2019 Cribbing

In Newfoundland, cribbing is a frame or crib of logs secured under water to form a support for a fish stage or store. The construction of cribbing involves practical knowledge about the natural elements. From the harvesting of selected lumber, to the installation of the “pile junks” in the water, it is a lengthy and methodical process that provides insight on how to work with the forces of the tides, winds, waves and ice.


2018 Sticks and Skulls

Naturalist and bone collector John Hegnaeur has been collecting bird skulls and other bones near his property on the Bonavista Peninsula for many years. Each bird skull has been preserved in a ziploc bag and identified by name. As part of this exhibition 2 Rooms documented and catalogued the Hegnaeur Collection. 

2017 Artifact Collection

2 Rooms Contemporary Art Projects in Duntara, Bonavista Bay is similar to many other rural communities where fishing was a way of life. With the decline of the cod fishery many outports, similar to Duntara, were resettled to locations closer to roads and services. The 1,010 artifacts in the collection have been gathered from a variety of places on the Bonavista peninsula: old dumpsites,  abandoned houses, stores and sheds, foundation rock piles, old roads and walking trails.  The Artifact Catalogue is a photographic documentation of every object in the collection, creating an important historical and cultural context for 2 Rooms Contemporary Art Projects. The artifacts, and the historical fisherman’s saltbox in which they are housed, provide a departure point for contemporary art  production in 2 Rooms Gallery and Artist Residency.

2016 Displacement

Eggs stolen and collected, ordered and catalogued. Similar yet unique, each egg represents what it might become. Displaced and re-assembled in (salt)boxes with siblings, the eggs both contain and are contained. Boxes gathered from forgotten places, dislodged from stores, sheds and homes.  Emptied, like the saltbox houses of outport communities, their simple forms suggest utility and practical construction.  Modest structures cobbled together in modest times by modest means. At once container and void, these boxes hold familial memories and frame future potentiality.

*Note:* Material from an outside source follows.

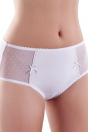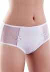 Figi damskie z wysokiej jakości, wzorzystej mikrofibry w połączeniu z elastyczną siateczką w kropki. Przód zdobią wstawki delikatnej koronkowej tasiemki.
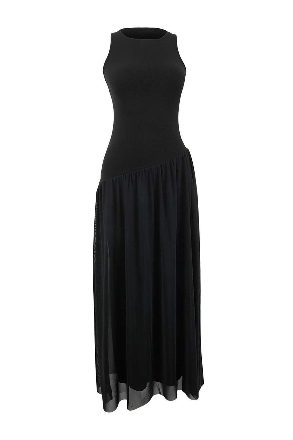 Siyah Belden Ac?lan Kolsuz Buzgulu Fitilli Esnek Orme Elbise TWOSS26EL00204

2015 Bugs, Artifacts, Flag

Catherine Beaudette presents the fourth in a series of annual displays that explore the visual and conceptual rhetoric of museological practice.  This year, in response to Nature Factory, Beaudette has assembled specimens and artifacts that explore relationships of nature and culture. Bugs & Artifacts remind us how tools emulate appendages, and use determines form. Flag presents a familiar cultural image made entirely of natural specimens. Collections of objects are displayed on tables and walls, to present a visual understanding of the world around us. 

 

2014 Zip-locks 2000 and Buoys

Catherine Beaudette presents the third in a series of annual displays that explore the visual and conceptual rhetoric of museological practice. This exhibition features 366 zip-lock bags, one for each day of the year 2000.
Every day in 2000, Beaudette collected an object, placed it in a zip-lock bag and recorded the date and location. During that year she lived in Toronto, Newfoundland and Italy, collecting ‘daily artifacts’ from each location. The resulting collection of material culture documents the first year of the 21st century.  


2013 Epitaph

2012 Seashore Life

Catherine Beaudette presents a continuing series of annual displays that explore the visual and conceptual rhetoric of museological presentations. Each exhibition introduces a number of artifacts and natural specimens from her extensive collection.  Reordering rusted rural relics and older oceanic items, Beaudette traverses boundaries that are often constructed to separate nature from culture and the past from the present.

Gathered over a decade from beaches and abandoned buildings, the objects and fragments have been stored in a shed at the far end of town. Gradually it became apparent that a museum would be needed to contain the accumulation. The incarnation of this museum is on the edge; Longshore, Broad Cove, Duntara, Bonavista Bay, Newfoundland is a dead end road. The location is strategic, en route half way to the continent. Isolated on an ocean island, itself a geographic fragment, the museum attempts to oscillate within a network of critical disciplines: archaeology, anthropology, natural history and visual art. 

The rendering of forms, from object to paint or specimen to collection, the idea of rendering the past into something concrete, solid, and tangible is an ironic or inherent quality of this work. As a process that both upholds and questions that what it seeks to critically engage; the finite and temporal representation of history, this museum orbits the many discourses of material culture.  The works that comprise it attempt to navigate the doubling and tripling up of the many ways of thinking about and looking at the world around us.